The new Poldark looks like a tourist board campaign for Cornwall, only with stagecoaches where there should be surfboards. On the plus side, you can hear every word, even over the roar of the waves, which will come as a relief to anyone who endured the recent mumblefest that was Jamaica Inn. On the downside, Aidan Turner makes for only a moderately attractive Ross Poldark, back from the American war of independence to reclaim his motley inheritance. At the end of the first episode, a trailer showed his firm, pink bottom cresting the azure sea, an aerial shot that suggested the BBC is hoping for Colin Firth-style traction with the ladies in the matter of Mr Turner. But I can’t say I was in a fever of excitement. He’s too bland, too cut-out-and-keep. Somehow you know in your bones that up close he’d smell not of sweat, horses, woodsmoke and pheromones, but of Badedas and quiet ambition. Yes, Eleanor Tomlinson will do fine as Demelza, the maidservant he’ll soon marry, but his true love, Elizabeth (Heida Reed), has the most laughably non-18th-century teeth I’ve ever seen – incisors that seem all the more ludicrous next to those of Poldark’s servant Jud Paynter (Phil Davis), which look like half-sucked offcuts of liquorice.

The Poldark trailer.

I had higher hopes of In and Out of the Kitchen (Wednesdays, 10pm), a new BBC4 comedy written by and starring Miles Jupp, which aims to take the piss out of Damien Trench, a certain kind of food writer: the kind that stares mournfully at their rosemary bush in the morning frost, thinks a few poetic thoughts about roast chicken and remembrance, and then picks up the phone to their high-powered agent to chase their next TV series. Alas, it falls flatter than your average artisanal spinach-and-ricotta pancake, mainly because its “jokes” feel so familiar. For one thing, Damien’s agent is always being hassled by Salman Rushdie (a gag that might have been lifted straight from W1A). And if it wasn’t bad enough that the agent takes Damien to lunch at a hip new place called Zeitgeist – this is satire by numbers – his client then orders a dish called “fizzy beef”, which turns out to be steak with a bottle of Coke poured over it.

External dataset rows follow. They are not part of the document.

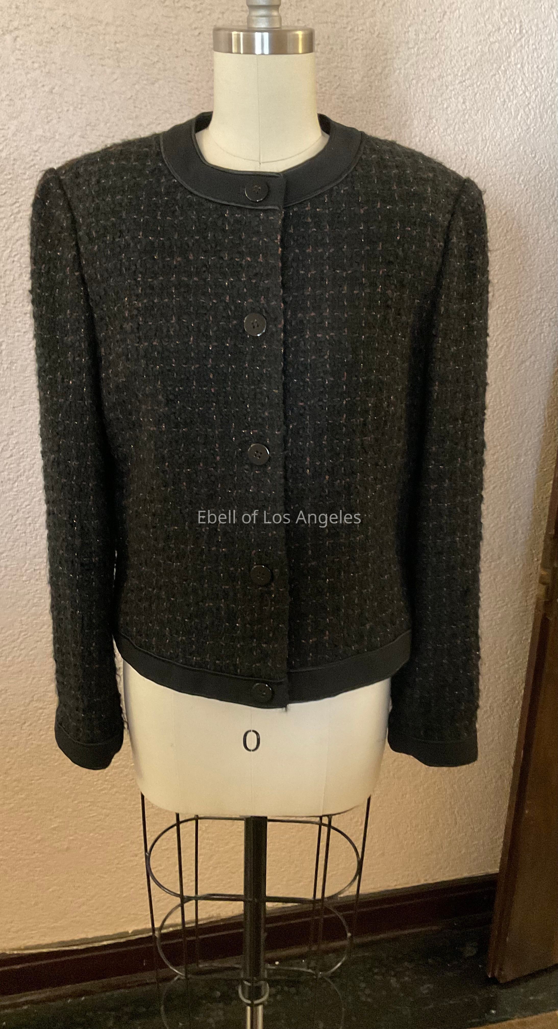 Collarless jacket with contrast band at neck, sleeve hem and jacket hem, 5 buttonsEntry/Object ID
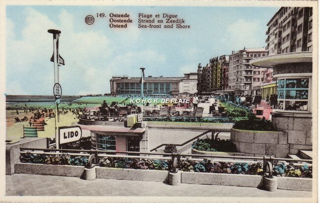 Postkaart Albert , N° 109. - Oostende - Vue générale. Plage et Kursaal. Oostende - Algemeen zicht. Strand en Kursaal. Ostend - General view. Sands and Kursaal. - De "Lido" op het Groot Strand. Op de achtergrond…
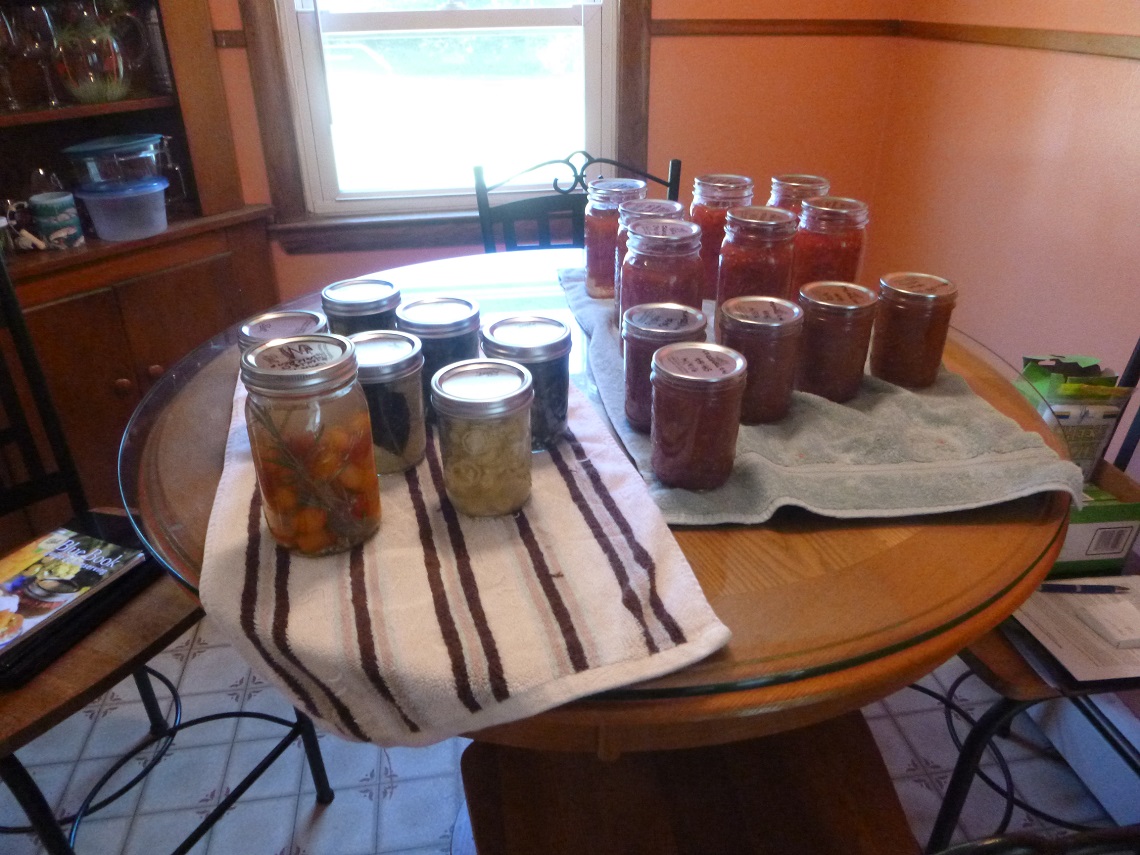 I jarred up 32 jars of homemade salsa 8 jars of Marinara from garden tomatoes.....that was the only high point though.
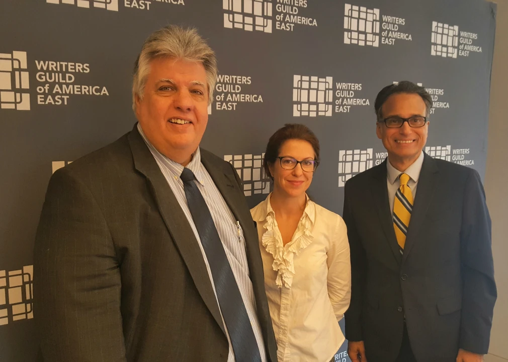 Italian American One Voice Coalition Executive Board Members Andre DiMino and Frank Cipolla late last week conducted a major presentation before members of the Writers Guild of America East Chapter at the guild's Manhattan offices.
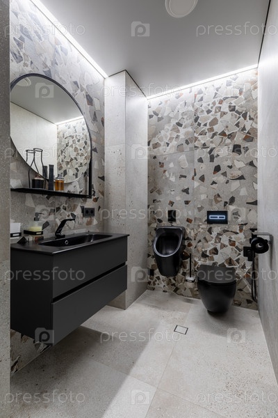 Полный вид на современную ванную комнату с черным тщеславием с круглым зеркалом, стеновым туалетом и мочеиспускателем против стильных плиток из терраццо и минималистического освещения
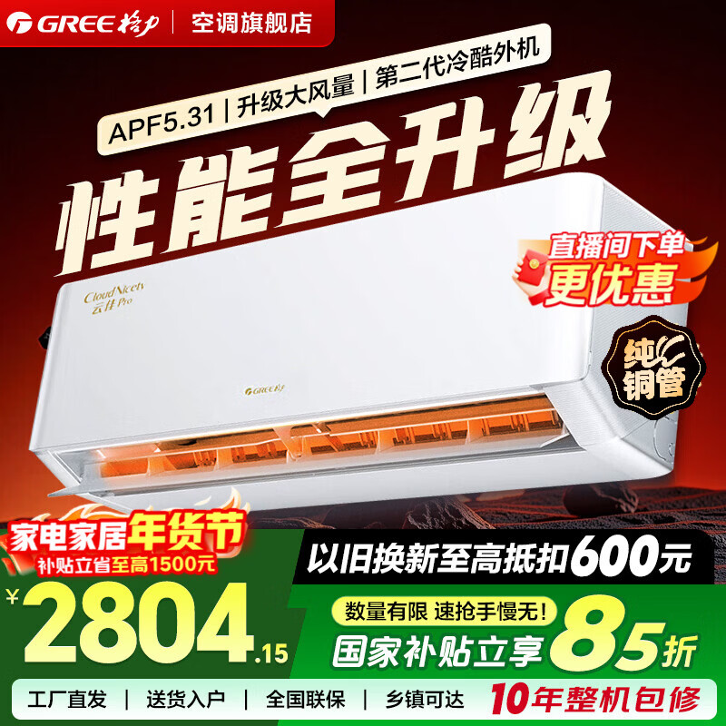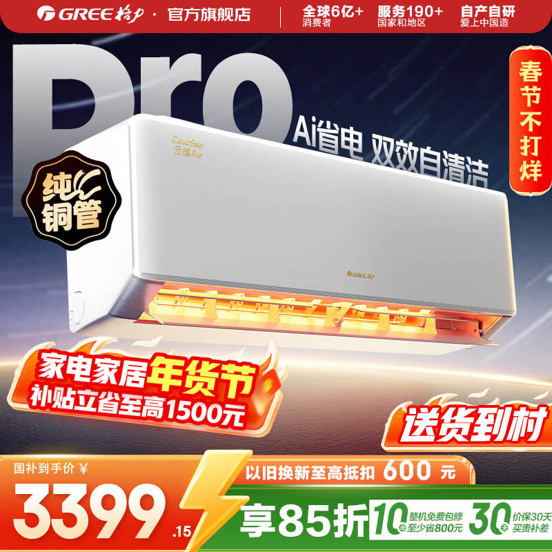 格力(GREE)空调 云佳Pro/Ai节能王子 1.5匹/1匹 新一级能效 变频冷暖 卧室空调挂机壁挂式 智能WiFi 自清洁 云佳pro丨 1.5匹 一级能效【适用15-22㎡】

It’s impossible to believe in the relationship between Damien and his partner, Anthony (Justin Edwards). They just aren’t a pair. In the first episode Anthony embarked on a courgette soup diet, of which Damien disapproved on the grounds of its faddishness and the stink it made. “It’s like you’re cooking a pond,” he yelped. There followed much rushing by Anthony to the downstairs loo, which soon became so whiffy that Damien’s builders refused to use it. Now, wind jokes have their place in life but mainly I wondered: why wouldn’t Damien just take over? He’s the cook. And why did the soup smell so awful? Courgettes are unassuming vegetables, gentle and mild. Verisimilitude is vital to comedy, whether we’re talking The League of Gentlemen (however grotesque the people of Royston Vasey are, we still recognise them, on some level) or a show that goes after types who obsess about warm salads and larder staples.

Rachel Cooke trained as a reporter on The Sunday Times. She is now a writer at The Observer. In the 2006 British Press Awards, she was named Interviewer of the Year.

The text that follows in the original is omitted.